The phenomenon of fuel-related problems has become so severe that the niche market for specialized fuel is growing fast. Tidily packaged little metal cans containing ethanol-free gasoline were just an oddity a few years ago; now they're sold in hardware stores and by power equipment dealers, and people are taking specialized fuel seriously. There are at least three brands to choose from: MotoMix, from outdoor power equipment manufacturer Stihl USA, SEF from VP Racing Fuels and Truefuel from TruSouth. Of the three, only Stihl relies on an outside-contract chemical manufacturer to make its boutique fuel: Johann Haltermann, Ltd., a company that makes, among other things, precisely blended fuel for testing vehicles. Stihl was likely the first outdoor power equipment company to enter the boutique fuel market when, more than 20 years ago, it was so concerned about fuel quality in Germany that it introduced packaged fuel for its equipment sold in Europe. 

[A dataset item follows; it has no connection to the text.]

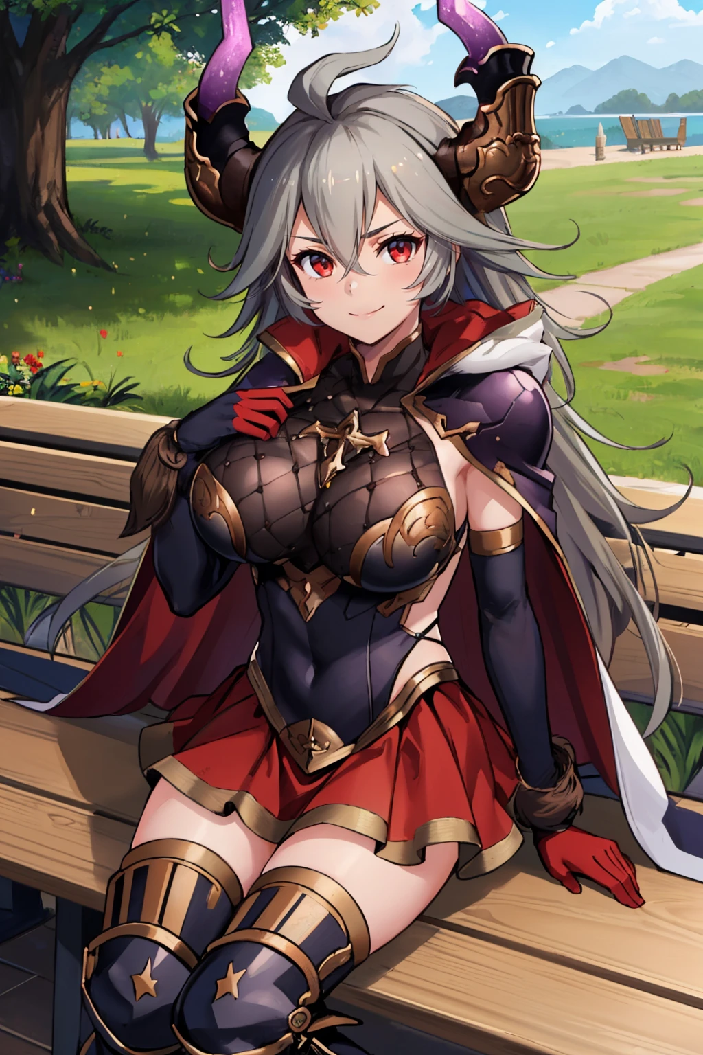 armor, cape, red skirt, thighhighs, black gloves, elbow gloves

The market for these fuels is still so new that there's no generally recognized name for them. But regardless of whether you call this stuff—boutique fuel, packaged fuel or canned gas—it's an end run around the gas pump. Sold as straight unleaded gasoline or blended with oil for high-rpm two-cycle engines in chain saws, blowers and string trimmers, it's expensive stuff, costing anywhere from $5 to $8 per quart. Despite the high price, customers might be willing to pony up if it means seeing an engine or its components run for several trouble-free years rather than seeing the engine destroyed or damaged by ethanol—after all, avoiding just one ruined engine might be worth the cost. 
*An Ounce of Prevention*

What if you can't find canned fuel, or don't want to pay the premium? There are several other things you can do to protect your engine, Herder says. 

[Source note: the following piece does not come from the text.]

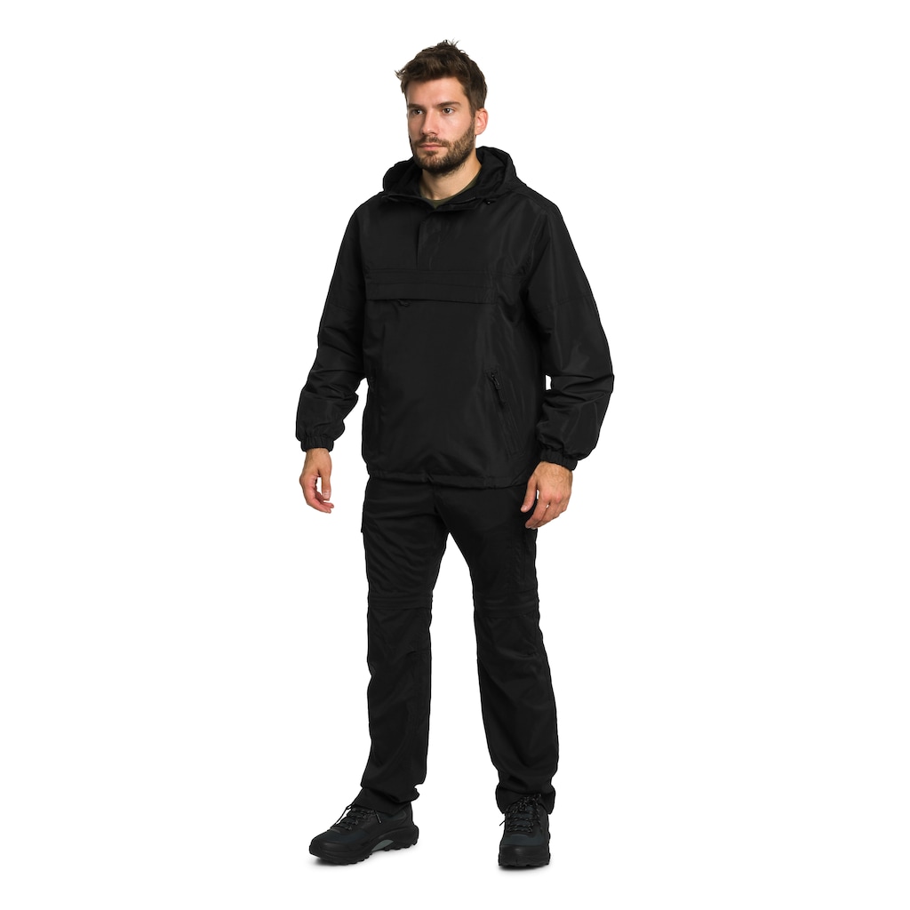 Kurtka typu wiatrówka w kolorze Black, wykonana z lekkiego, wiatro- i wodoodpornego poliestru, który cechuje się trwałością i odpornością na uszkodzenia mechaniczne. Siatkowa podszewka zapewnia dobrą oddychalność i komfort termiczny.

First, he recommends using a gasoline stabilizer. There are too many to list here, but among the most widely sold are Sta Bil, Star Tron, and Sea Foam. "It's not that the guys who use those products have no problems," Herder says, "but they definitely have fewer." 

Also, buy as little gasoline as possible, so that you run through your gas supply more quickly rather than letting the gasoline sit around and chemically decompose—a process that can start in as little as two weeks. 

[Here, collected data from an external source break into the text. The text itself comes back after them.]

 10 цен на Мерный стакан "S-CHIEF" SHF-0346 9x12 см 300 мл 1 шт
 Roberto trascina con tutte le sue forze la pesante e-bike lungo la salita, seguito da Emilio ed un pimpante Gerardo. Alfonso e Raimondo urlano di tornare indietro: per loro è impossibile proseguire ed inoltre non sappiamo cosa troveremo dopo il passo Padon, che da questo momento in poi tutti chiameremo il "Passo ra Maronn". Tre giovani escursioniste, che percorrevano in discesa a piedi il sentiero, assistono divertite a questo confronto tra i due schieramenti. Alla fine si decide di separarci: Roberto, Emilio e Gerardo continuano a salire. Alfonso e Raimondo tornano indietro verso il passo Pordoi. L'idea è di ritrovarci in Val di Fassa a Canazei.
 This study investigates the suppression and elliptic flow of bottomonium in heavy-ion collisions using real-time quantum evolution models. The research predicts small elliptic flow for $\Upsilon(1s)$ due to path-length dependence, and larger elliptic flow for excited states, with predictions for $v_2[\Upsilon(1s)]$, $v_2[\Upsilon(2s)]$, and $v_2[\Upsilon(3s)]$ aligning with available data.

Herder recommends that when you go to fill up the gas container you use for your outdoor power equipment, first top off your car—that will flush any low-octane gas out of the hose. For small engines, always use the highest octane you can find, he says. Typically, that's around 93 octane, though regionally you will find higher octane blends. 

Despite the fact that his business has seen something of a windfall because of alcohol-related engine damage, Herder is no fan of the fuel. "It's driving the customers nuts," he says, asking, in a bewildered voice, "Who do they think they're helping by adding more alcohol to gas? What positive thing is this doing?"


----------



## Laker (Feb 13, 2013)

^^^ good post, thanks~


----------



## oldyellr (Feb 16, 2013)

Simplicity Solid 22 said:


> Shryp will have more of an answer for you but it sounds like you leave the gas in your engine over the summer...??? Definitely remove all gas from tank and carb during off season...run the engine even if you have emptied the tank it will run a little until fuel line and carb are empty. Then unscrew main jet from bottom middle of bowl and let remaining fuel drip out.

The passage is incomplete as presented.